→ EXERCISE: Omitting all images, transcribe the listing word for word.
=======
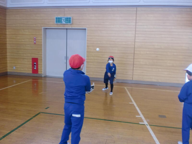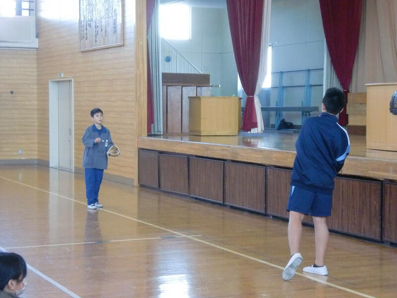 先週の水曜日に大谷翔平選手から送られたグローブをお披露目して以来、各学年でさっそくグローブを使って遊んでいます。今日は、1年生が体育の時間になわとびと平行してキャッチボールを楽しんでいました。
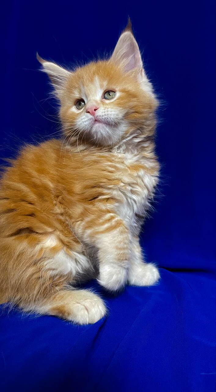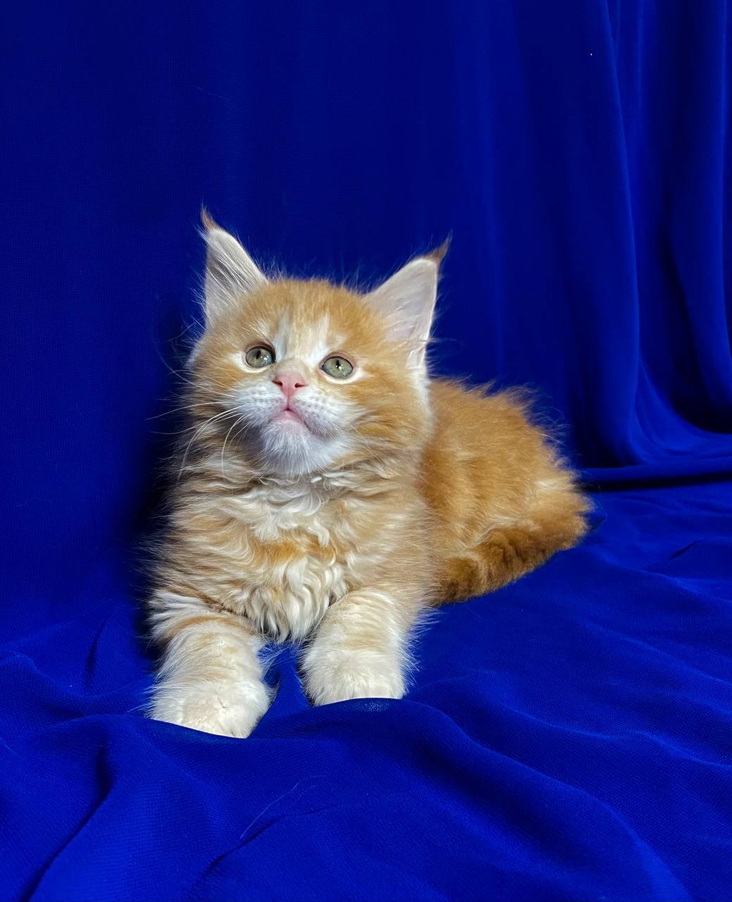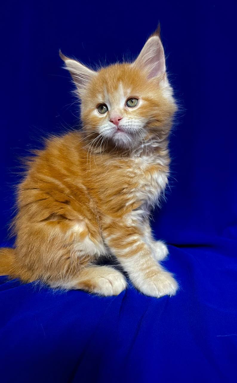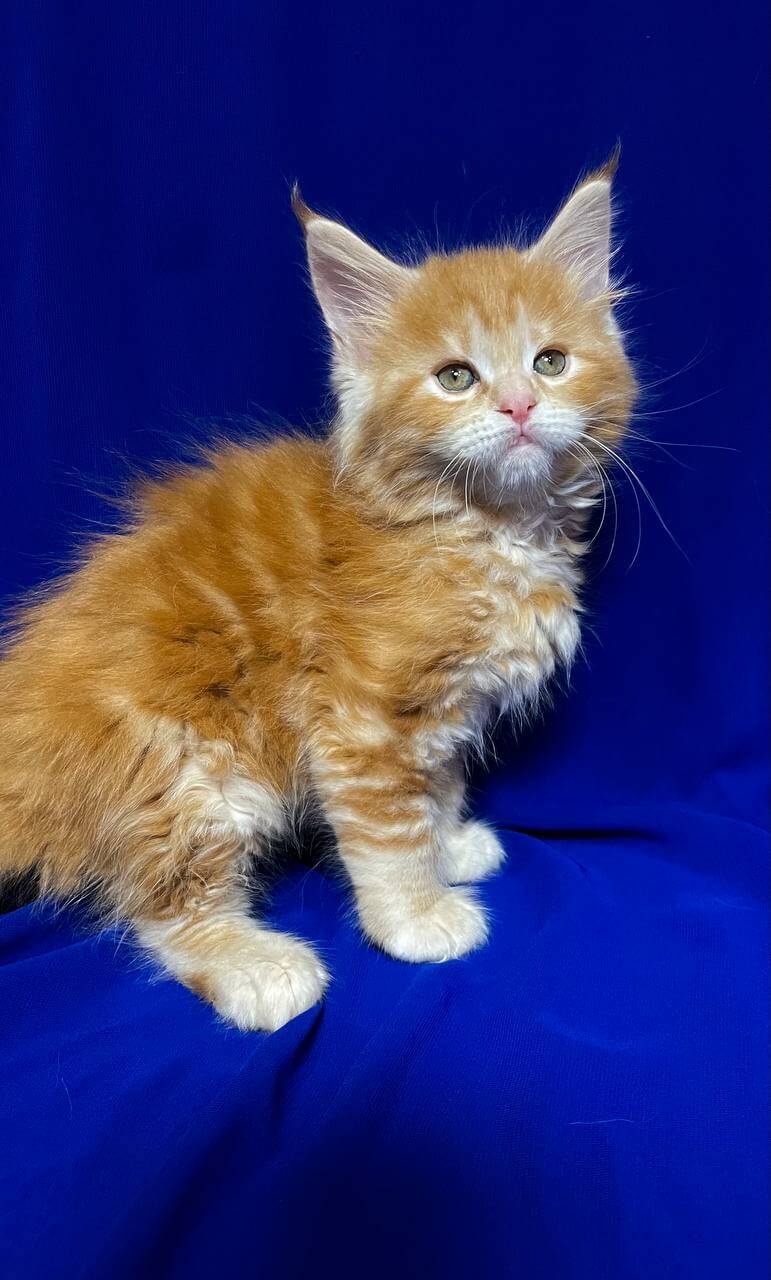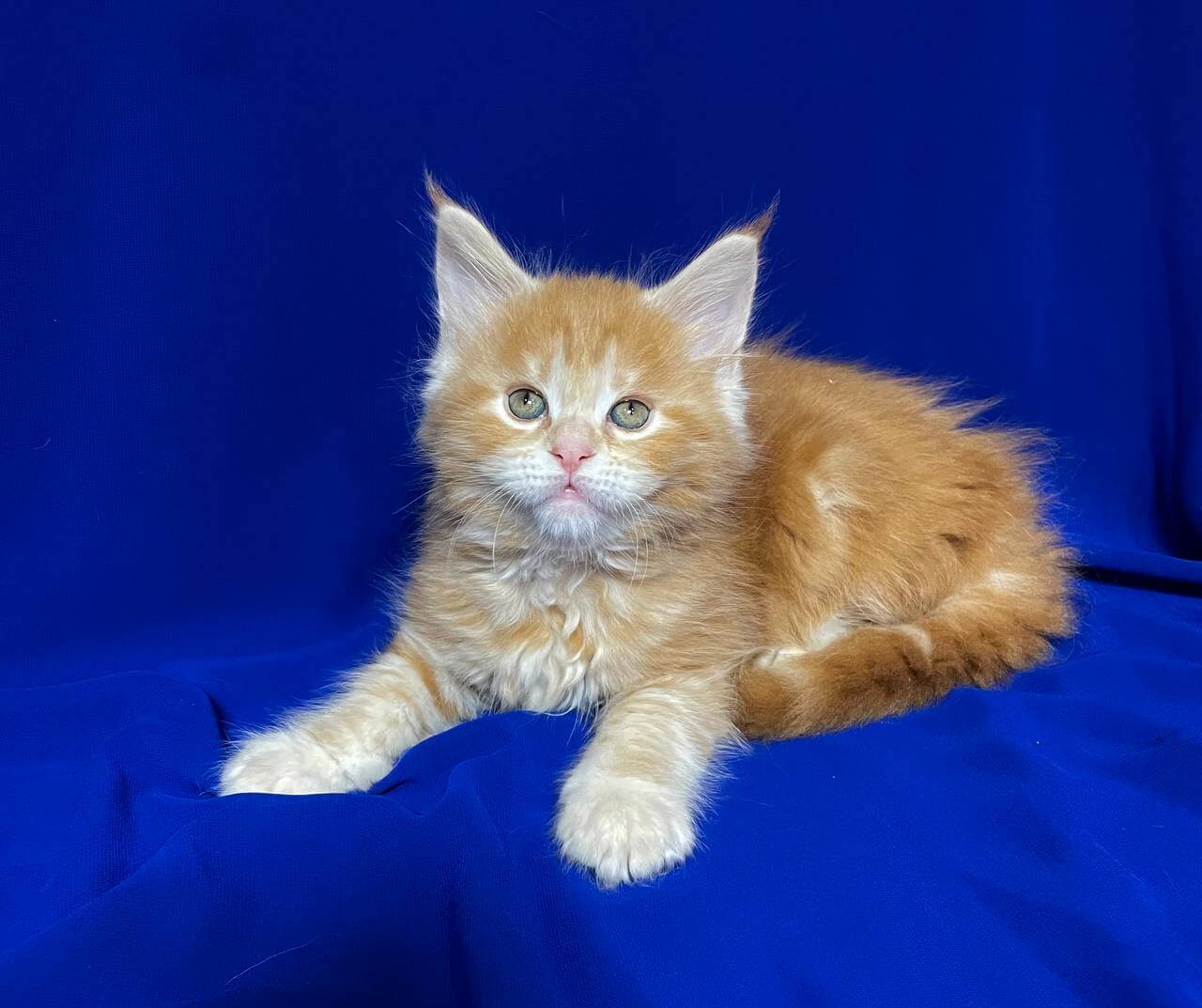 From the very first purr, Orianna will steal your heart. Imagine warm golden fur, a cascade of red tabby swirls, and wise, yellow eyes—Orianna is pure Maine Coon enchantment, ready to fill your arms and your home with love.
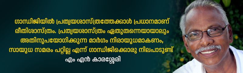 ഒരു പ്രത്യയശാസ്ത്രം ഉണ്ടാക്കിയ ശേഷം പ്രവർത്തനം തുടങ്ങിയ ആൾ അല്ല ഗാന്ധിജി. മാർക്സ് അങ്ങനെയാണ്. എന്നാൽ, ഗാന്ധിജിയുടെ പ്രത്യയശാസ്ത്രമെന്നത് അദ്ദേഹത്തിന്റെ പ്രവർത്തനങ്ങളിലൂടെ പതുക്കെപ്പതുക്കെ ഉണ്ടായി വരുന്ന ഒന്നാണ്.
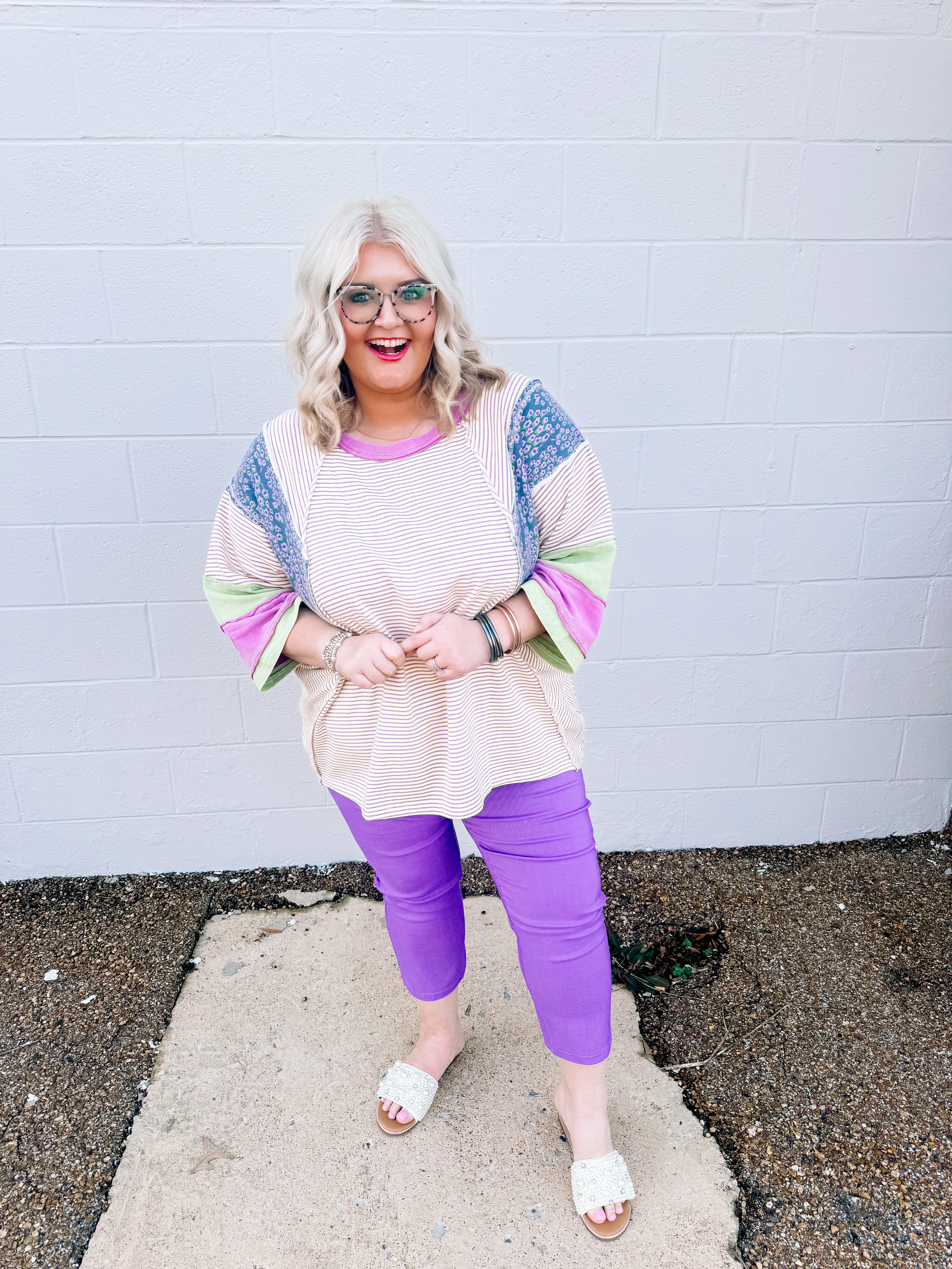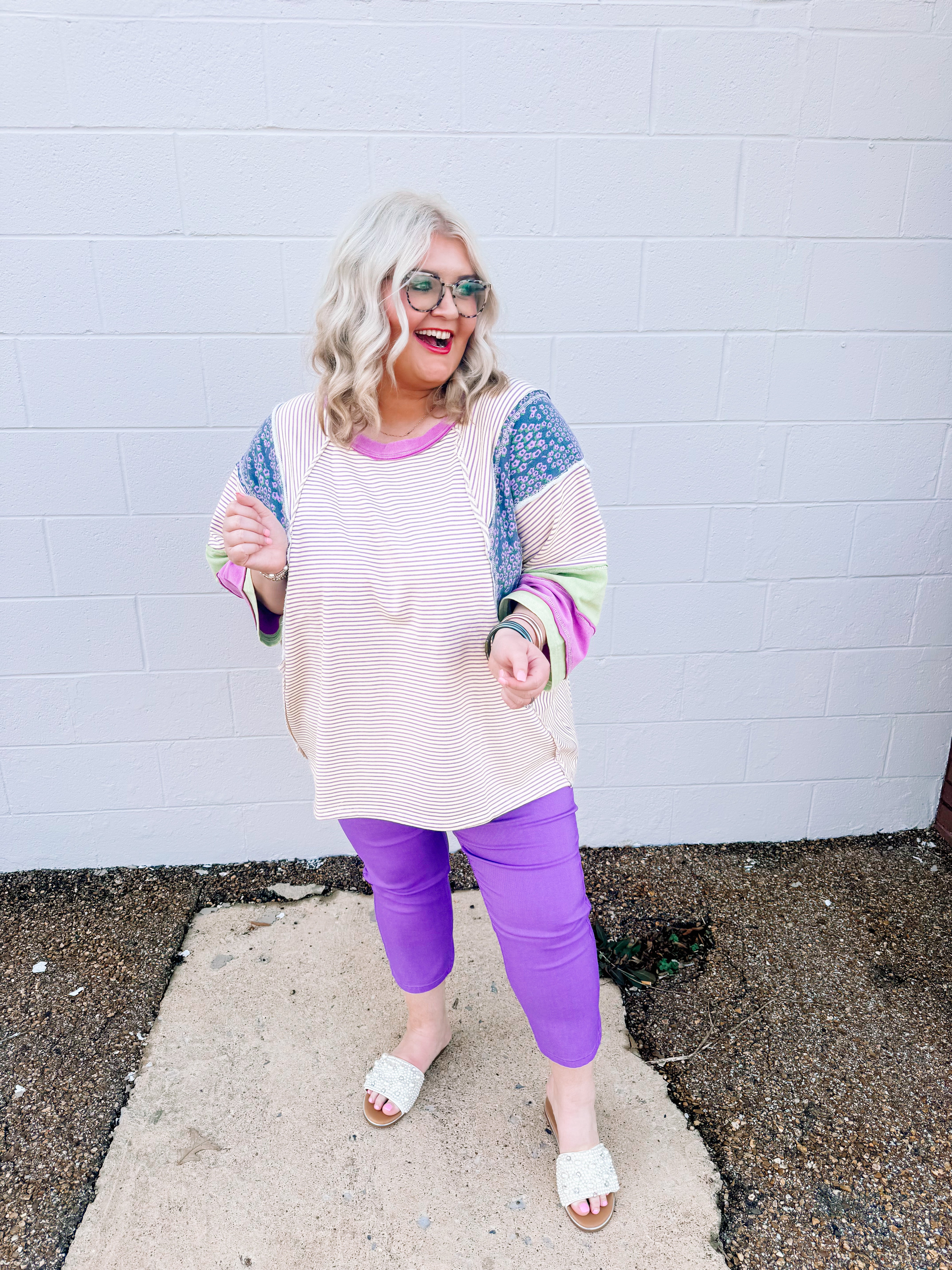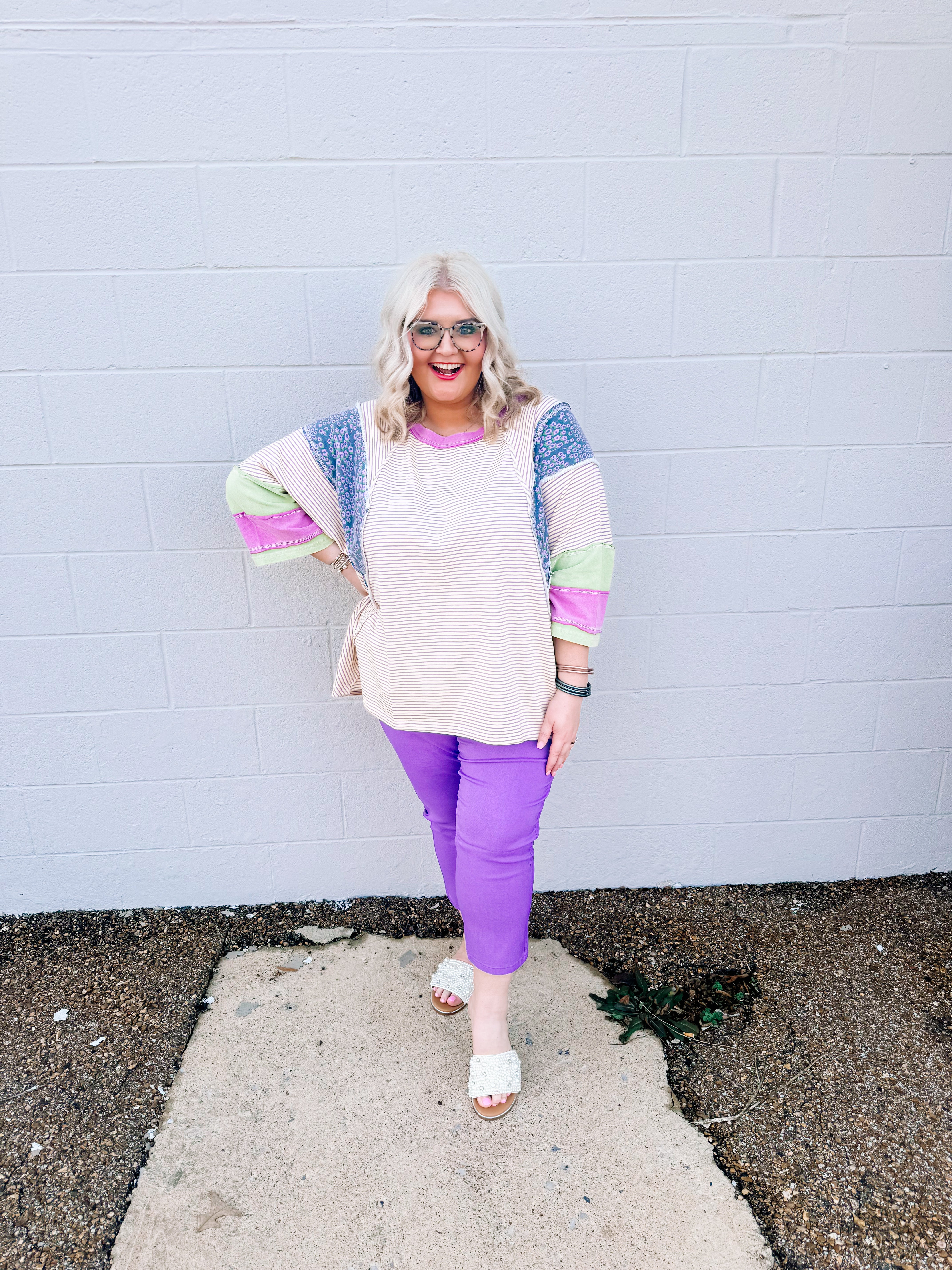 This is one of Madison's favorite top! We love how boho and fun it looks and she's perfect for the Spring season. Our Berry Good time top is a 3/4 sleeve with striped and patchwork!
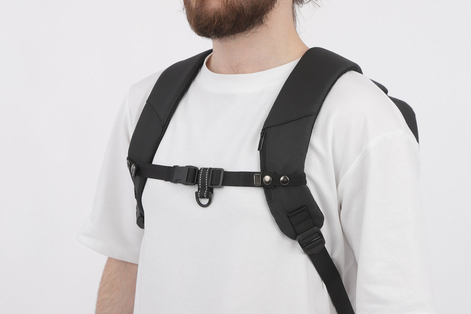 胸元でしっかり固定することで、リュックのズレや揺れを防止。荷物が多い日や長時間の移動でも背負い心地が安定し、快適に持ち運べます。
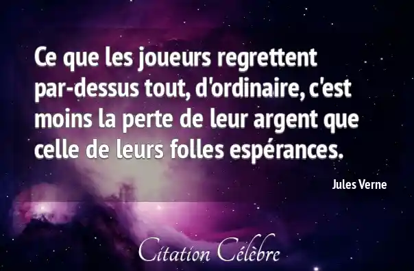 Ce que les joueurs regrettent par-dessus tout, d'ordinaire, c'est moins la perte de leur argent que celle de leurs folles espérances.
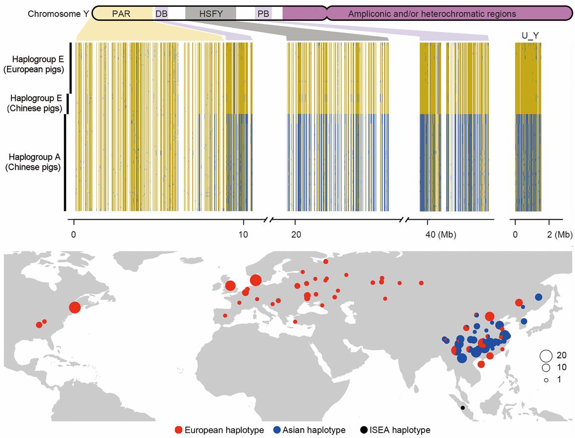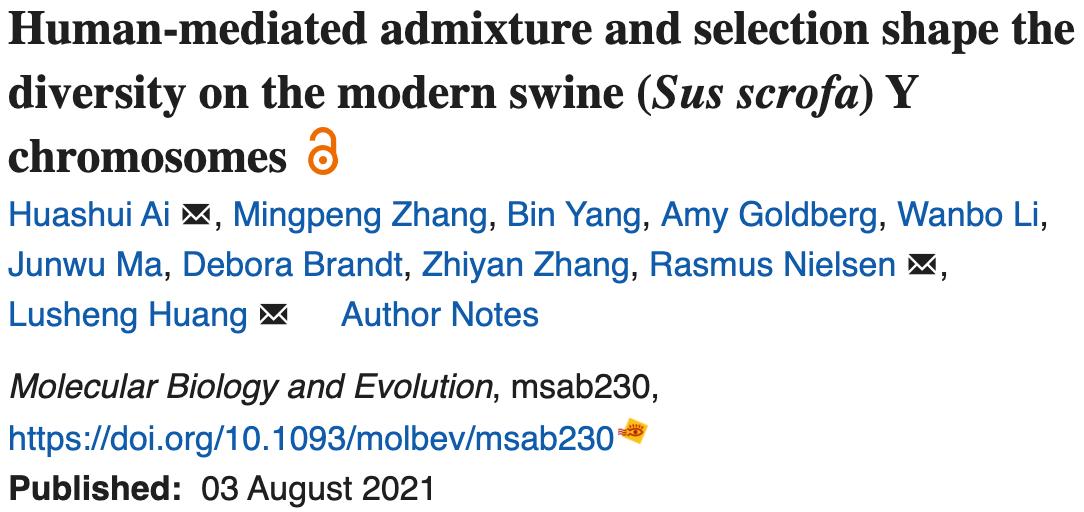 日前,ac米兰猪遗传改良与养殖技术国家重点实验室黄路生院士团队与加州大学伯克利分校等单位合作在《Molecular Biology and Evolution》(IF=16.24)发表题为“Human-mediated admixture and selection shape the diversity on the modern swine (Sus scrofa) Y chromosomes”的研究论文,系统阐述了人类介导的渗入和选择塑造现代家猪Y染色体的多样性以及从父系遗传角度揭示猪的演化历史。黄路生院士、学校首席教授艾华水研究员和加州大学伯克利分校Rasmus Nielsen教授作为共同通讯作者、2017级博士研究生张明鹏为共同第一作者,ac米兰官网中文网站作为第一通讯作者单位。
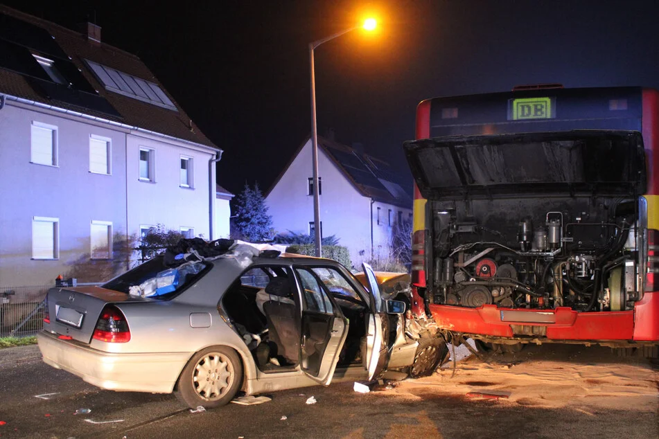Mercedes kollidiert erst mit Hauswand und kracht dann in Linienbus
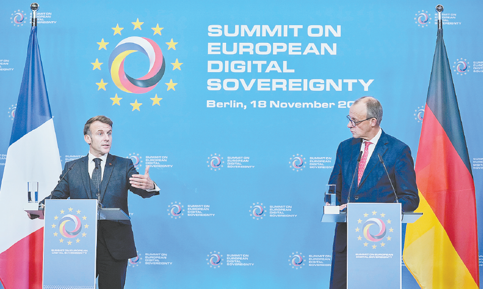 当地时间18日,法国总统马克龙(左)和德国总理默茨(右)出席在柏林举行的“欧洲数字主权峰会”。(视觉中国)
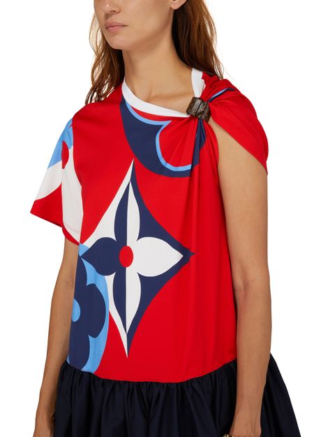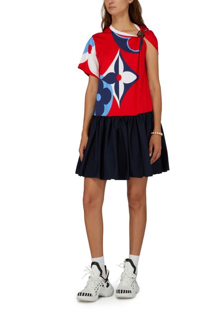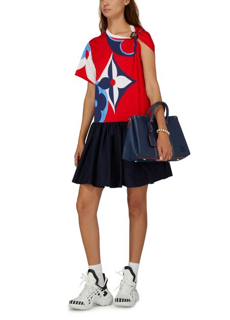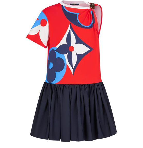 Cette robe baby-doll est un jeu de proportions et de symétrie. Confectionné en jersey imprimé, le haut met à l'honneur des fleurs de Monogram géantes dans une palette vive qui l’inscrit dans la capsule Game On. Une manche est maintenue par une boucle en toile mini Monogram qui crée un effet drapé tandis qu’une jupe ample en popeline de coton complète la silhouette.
=======
→ RESULT:
 先週の水曜日に大谷翔平選手から送られたグローブをお披露目して以来、各学年でさっそくグローブを使って遊んでいます。今日は、1年生が体育の時間になわとびと平行してキャッチボールを楽しんでいました。
 From the very first purr, Orianna will steal your heart. Imagine warm golden fur, a cascade of red tabby swirls, and wise, yellow eyes—Orianna is pure Maine Coon enchantment, ready to fill your arms and your home with love.
 ഒരു പ്രത്യയശാസ്ത്രം ഉണ്ടാക്കിയ ശേഷം പ്രവർത്തനം തുടങ്ങിയ ആൾ അല്ല ഗാന്ധിജി. മാർക്സ് അങ്ങനെയാണ്. എന്നാൽ, ഗാന്ധിജിയുടെ പ്രത്യയശാസ്ത്രമെന്നത് അദ്ദേഹത്തിന്റെ പ്രവർത്തനങ്ങളിലൂടെ പതുക്കെപ്പതുക്കെ ഉണ്ടായി വരുന്ന ഒന്നാണ്.
 This is one of Madison's favorite top! We love how boho and fun it looks and she's perfect for the Spring season. Our Berry Good time top is a 3/4 sleeve with striped and patchwork!
 胸元でしっかり固定することで、リュックのズレや揺れを防止。荷物が多い日や長時間の移動でも背負い心地が安定し、快適に持ち運べます。
 Ce que les joueurs regrettent par-dessus tout, d'ordinaire, c'est moins la perte de leur argent que celle de leurs folles espérances.
 日前,ac米兰猪遗传改良与养殖技术国家重点实验室黄路生院士团队与加州大学伯克利分校等单位合作在《Molecular Biology and Evolution》(IF=16.24)发表题为“Human-mediated admixture and selection shape the diversity on the modern swine (Sus scrofa) Y chromosomes”的研究论文,系统阐述了人类介导的渗入和选择塑造现代家猪Y染色体的多样性以及从父系遗传角度揭示猪的演化历史。黄路生院士、学校首席教授艾华水研究员和加州大学伯克利分校Rasmus Nielsen教授作为共同通讯作者、2017级博士研究生张明鹏为共同第一作者,ac米兰官网中文网站作为第一通讯作者单位。
Mercedes kollidiert erst mit Hauswand und kracht dann in Linienbus
 当地时间18日,法国总统马克龙(左)和德国总理默茨(右)出席在柏林举行的“欧洲数字主权峰会”。(视觉中国)
 Cette robe baby-doll est un jeu de proportions et de symétrie. Confectionné en jersey imprimé, le haut met à l'honneur des fleurs de Monogram géantes dans une palette vive qui l’inscrit dans la capsule Game On. Une manche est maintenue par une boucle en toile mini Monogram qui crée un effet drapé tandis qu’une jupe ample en popeline de coton complète la silhouette.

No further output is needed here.